#### TASK TO CARRY OUT
Within the records that follow, restate exactly the lines from the line with "1) Users with" down to the line with "Sac Romanstud porté", including both. Omit the pictures.

#### GIVEN DATA
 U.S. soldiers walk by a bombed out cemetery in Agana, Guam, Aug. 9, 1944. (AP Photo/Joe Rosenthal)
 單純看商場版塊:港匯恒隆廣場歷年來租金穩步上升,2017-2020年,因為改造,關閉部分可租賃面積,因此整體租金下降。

--

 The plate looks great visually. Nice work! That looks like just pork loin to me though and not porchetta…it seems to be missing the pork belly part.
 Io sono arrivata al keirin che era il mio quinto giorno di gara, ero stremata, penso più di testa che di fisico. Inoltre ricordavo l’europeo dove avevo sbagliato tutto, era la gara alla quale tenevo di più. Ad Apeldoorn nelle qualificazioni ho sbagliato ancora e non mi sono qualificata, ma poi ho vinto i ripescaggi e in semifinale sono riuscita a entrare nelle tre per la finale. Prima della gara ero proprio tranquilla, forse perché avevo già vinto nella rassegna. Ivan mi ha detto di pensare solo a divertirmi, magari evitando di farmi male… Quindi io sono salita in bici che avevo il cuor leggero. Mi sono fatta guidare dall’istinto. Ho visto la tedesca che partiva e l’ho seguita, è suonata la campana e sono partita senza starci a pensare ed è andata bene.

==

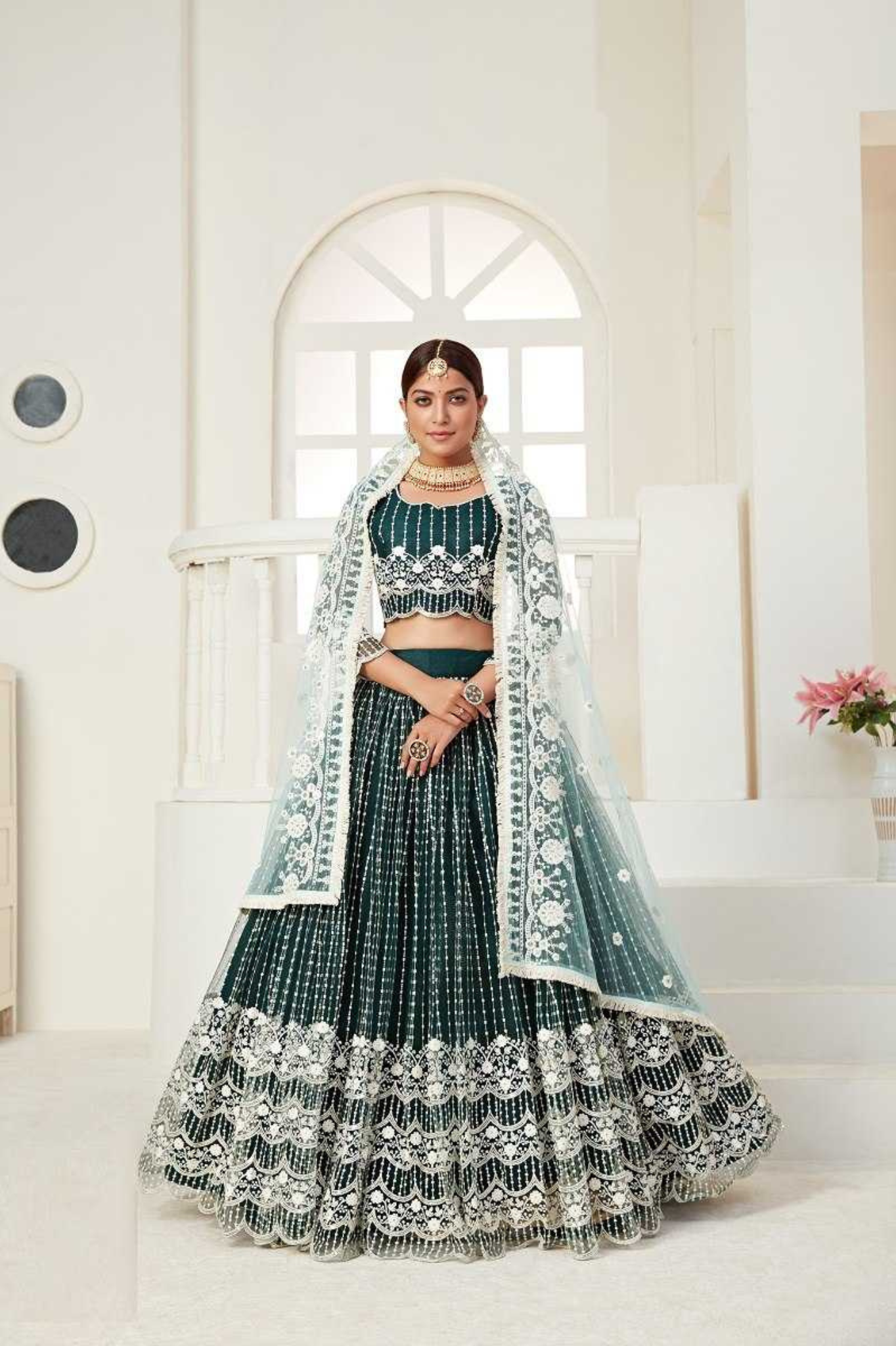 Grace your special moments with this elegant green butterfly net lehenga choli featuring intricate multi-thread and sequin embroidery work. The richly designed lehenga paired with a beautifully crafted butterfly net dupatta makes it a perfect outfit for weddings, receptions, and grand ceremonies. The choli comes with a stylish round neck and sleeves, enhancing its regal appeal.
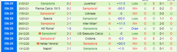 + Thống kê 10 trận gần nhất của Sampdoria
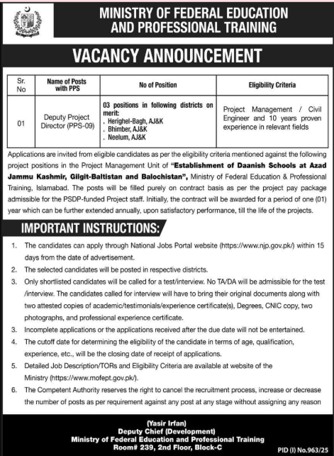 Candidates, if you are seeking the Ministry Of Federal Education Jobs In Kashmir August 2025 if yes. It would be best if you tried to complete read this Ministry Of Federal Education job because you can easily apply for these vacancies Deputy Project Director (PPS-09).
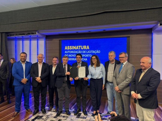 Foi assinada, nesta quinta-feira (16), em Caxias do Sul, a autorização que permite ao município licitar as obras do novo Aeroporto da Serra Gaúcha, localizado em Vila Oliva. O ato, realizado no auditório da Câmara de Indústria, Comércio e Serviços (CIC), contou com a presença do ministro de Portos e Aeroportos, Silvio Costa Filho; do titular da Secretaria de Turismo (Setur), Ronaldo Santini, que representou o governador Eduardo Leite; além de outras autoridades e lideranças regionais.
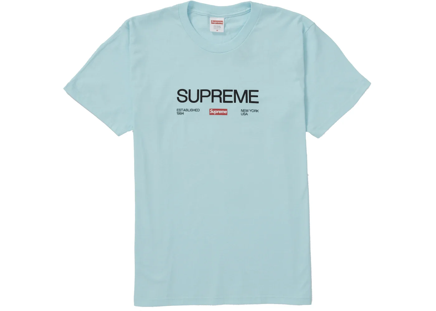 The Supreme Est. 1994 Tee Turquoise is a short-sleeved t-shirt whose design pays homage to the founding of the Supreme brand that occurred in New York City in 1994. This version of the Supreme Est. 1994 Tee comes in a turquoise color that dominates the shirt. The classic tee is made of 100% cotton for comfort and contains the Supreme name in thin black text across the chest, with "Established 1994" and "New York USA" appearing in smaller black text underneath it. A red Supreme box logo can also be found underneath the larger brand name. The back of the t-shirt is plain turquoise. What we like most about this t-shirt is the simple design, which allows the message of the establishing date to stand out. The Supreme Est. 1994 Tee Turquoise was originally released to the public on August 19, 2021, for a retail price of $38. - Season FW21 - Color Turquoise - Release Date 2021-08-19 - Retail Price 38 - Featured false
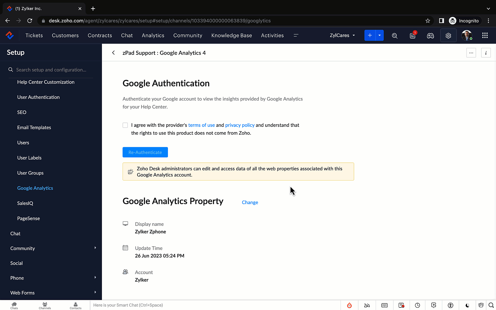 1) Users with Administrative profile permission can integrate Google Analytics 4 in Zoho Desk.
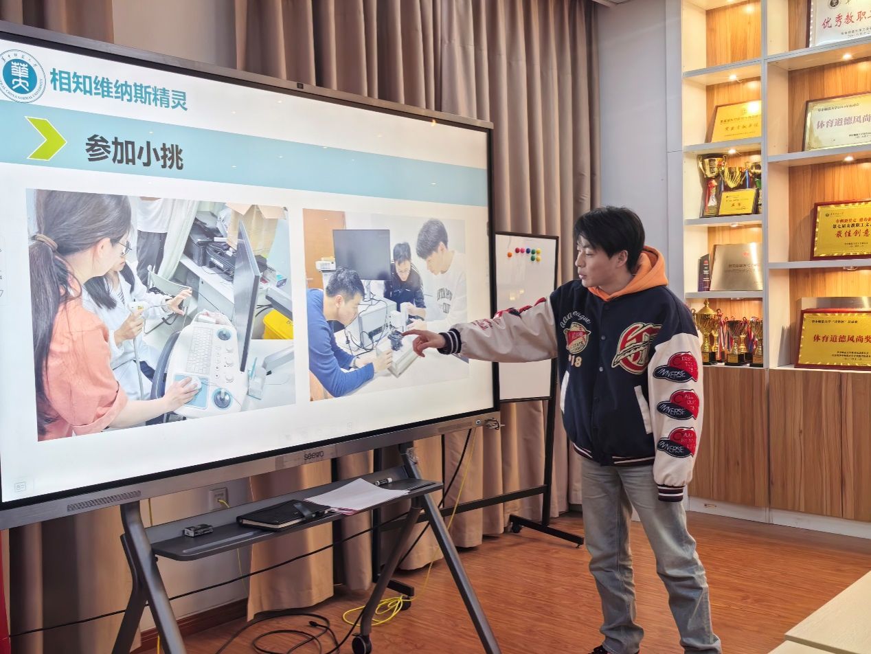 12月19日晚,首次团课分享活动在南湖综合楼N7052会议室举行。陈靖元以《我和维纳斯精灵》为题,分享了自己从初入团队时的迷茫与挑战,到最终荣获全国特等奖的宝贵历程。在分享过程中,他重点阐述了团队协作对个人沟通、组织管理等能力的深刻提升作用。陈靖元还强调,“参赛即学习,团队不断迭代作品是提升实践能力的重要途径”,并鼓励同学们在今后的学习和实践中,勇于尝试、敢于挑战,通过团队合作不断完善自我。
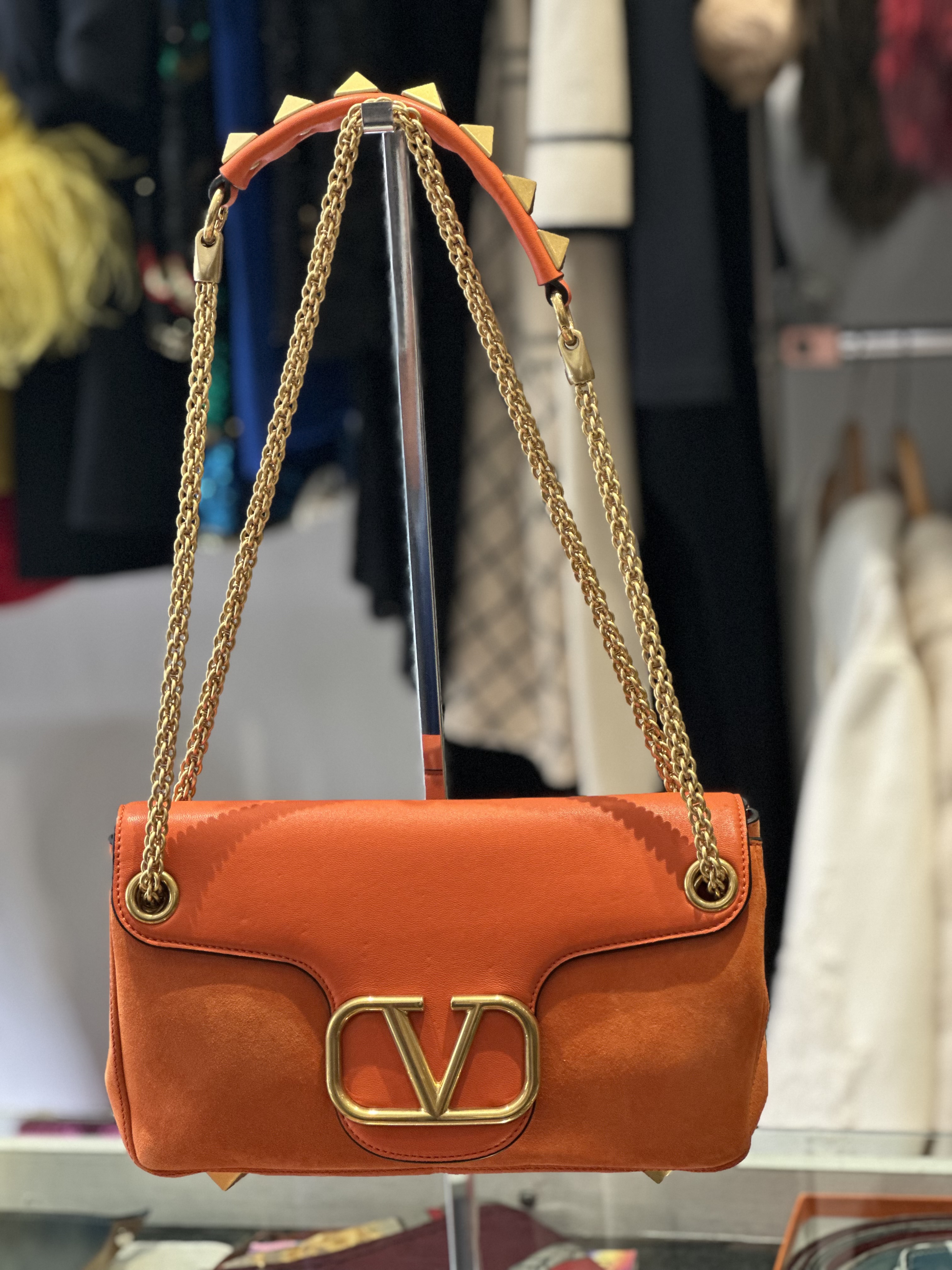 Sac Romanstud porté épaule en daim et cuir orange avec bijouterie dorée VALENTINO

#### TASK RESULT
 1) Users with Administrative profile permission can integrate Google Analytics 4 in Zoho Desk.
 12月19日晚,首次团课分享活动在南湖综合楼N7052会议室举行。陈靖元以《我和维纳斯精灵》为题,分享了自己从初入团队时的迷茫与挑战,到最终荣获全国特等奖的宝贵历程。在分享过程中,他重点阐述了团队协作对个人沟通、组织管理等能力的深刻提升作用。陈靖元还强调,“参赛即学习,团队不断迭代作品是提升实践能力的重要途径”,并鼓励同学们在今后的学习和实践中,勇于尝试、敢于挑战,通过团队合作不断完善自我。
 Sac Romanstud porté épaule en daim et cuir orange avec bijouterie dorée VALENTINO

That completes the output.